The reason: Most businesspeople treat decision making as an event—a discrete choice that takes place at a single point in time, whether they’re sitting at a desk, moderating a meeting, or staring at a spreadsheet. This classic view of decision making has a pronouncement popping out of a leader’s head, based on experience, gut, research, or all three. Say the matter at hand is whether to pull a product with weak sales off the market. An “event” leader would mull in solitude, ask for advice, read reports, mull some more, then say yea or nay and send the organization off to make it happen. But to look at decision making that way is to overlook larger social and organizational contexts, which ultimately determine the success of any decision.
The fact is, decision making is not an event. It’s a process, one that unfolds over weeks, months, or even years; one that’s fraught with power plays and politics and is replete with personal nuances and institutional history; one that’s rife with discussion and debate; and one that requires support at all levels of the organization when it comes time for execution. Our research shows that the difference between leaders who make good decisions and those who make bad ones is striking. The former recognize that all decisions are processes, and they explicitly design and manage them as such. The latter persevere in the fantasy that decisions are events they alone control.
In this article, we’ll explore how leaders can design and manage a sound, effective decision-making process—an approach we call inquiry—and outline a set of criteria for assessing the quality of the decision-making process. First, a look at the process itself.
Decisions as Process: Inquiry Versus Advocacy
Not all decision-making processes are equally effective, particularly in the degree to which they allow a group to identify and consider a wide range of ideas. In our research, we’ve seen two broad approaches. Inquiry, which we prefer, is a very open process designed to generate multiple alternatives, foster the exchange of ideas, and produce a well-tested solution.
Unfortunately, this approach doesn’t come easily or naturally to most people. Instead, groups charged with making a decision tend to default to the second mode, one we call advocacy. The two look deceptively similar on the surface: groups of people, immersed in discussion and debate, trying to select a course of action by drawing on what they believe is the best available evidence. But despite their similarities, inquiry and advocacy produce dramatically different results.

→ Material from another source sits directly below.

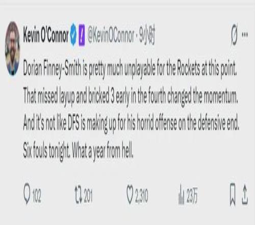 誰是火箭本賽季最失敗的引援?毫無疑問,芬尼-史密斯!NBA名記Kevin O'Connor寫道:“芬尼-史密斯在火箭的表現已經到了幾乎無法上場的地步。他在防守端的作用,也不能彌補他糟糕至極的進攻表現,真是噩夢一般的賽季!”
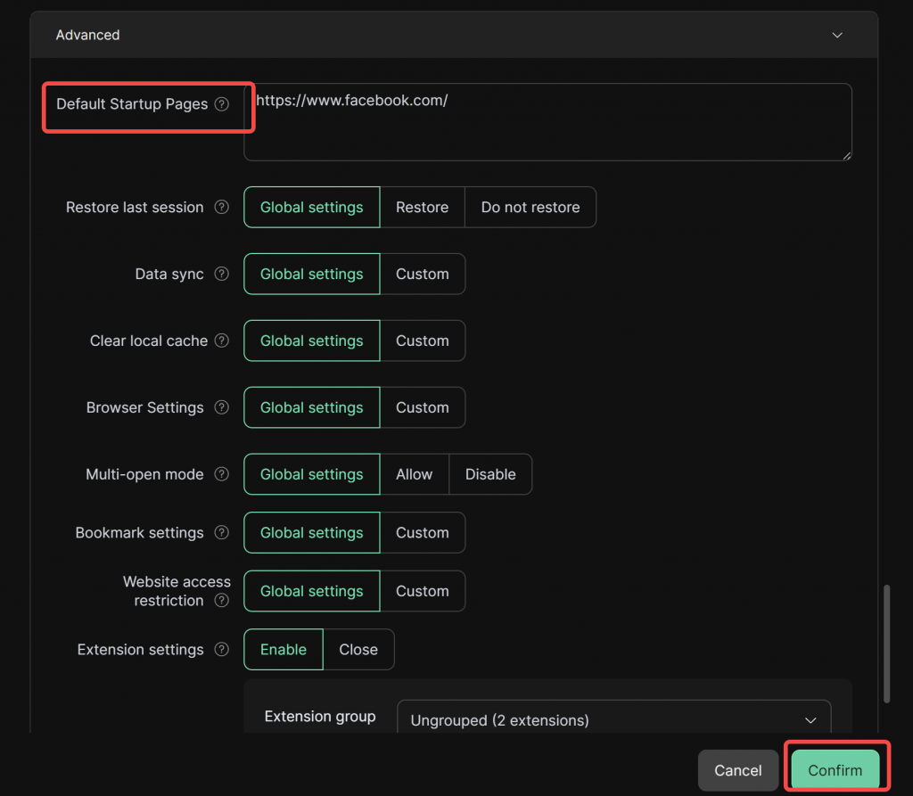 - Set Default Startup Page: Enter the Facebook URL into the [Default Startup Pages] field so that every time you open the profile, it will directly open Facebook. Then, save the settings.

When a group takes an advocacy perspective, participants approach decision making as a contest, although they don’t necessarily compete openly or even consciously. Well-defined groups with special interests—dueling divisions in search of budget increases, for example—advocate for particular positions. Participants are passionate about their preferred solutions and therefore stand firm in the face of disagreement. That level of passion makes it nearly impossible to remain objective, limiting people’s ability to pay attention to opposing arguments. Advocates often present information selectively, buttressing their arguments while withholding relevant conflicting data. Their goal, after all, is to make a compelling case, not to convey an evenhanded or balanced view. Two different plant managers pushing their own improvement programs, for example, may be wary of reporting potential weak points for fear that full disclosure will jeopardize their chances of winning the debate and gaining access to needed resources.
What’s more, the disagreements that arise are frequently fractious and even antagonistic.
Personalities and egos come into play, and differences are normally resolved through battles of wills and behind-the-scenes maneuvering. The implicit assumption is that a superior solution will emerge from a test of strength among competing positions. But in fact this approach typically suppresses innovation and encourages participants to go along with the dominant view to avoid further conflict.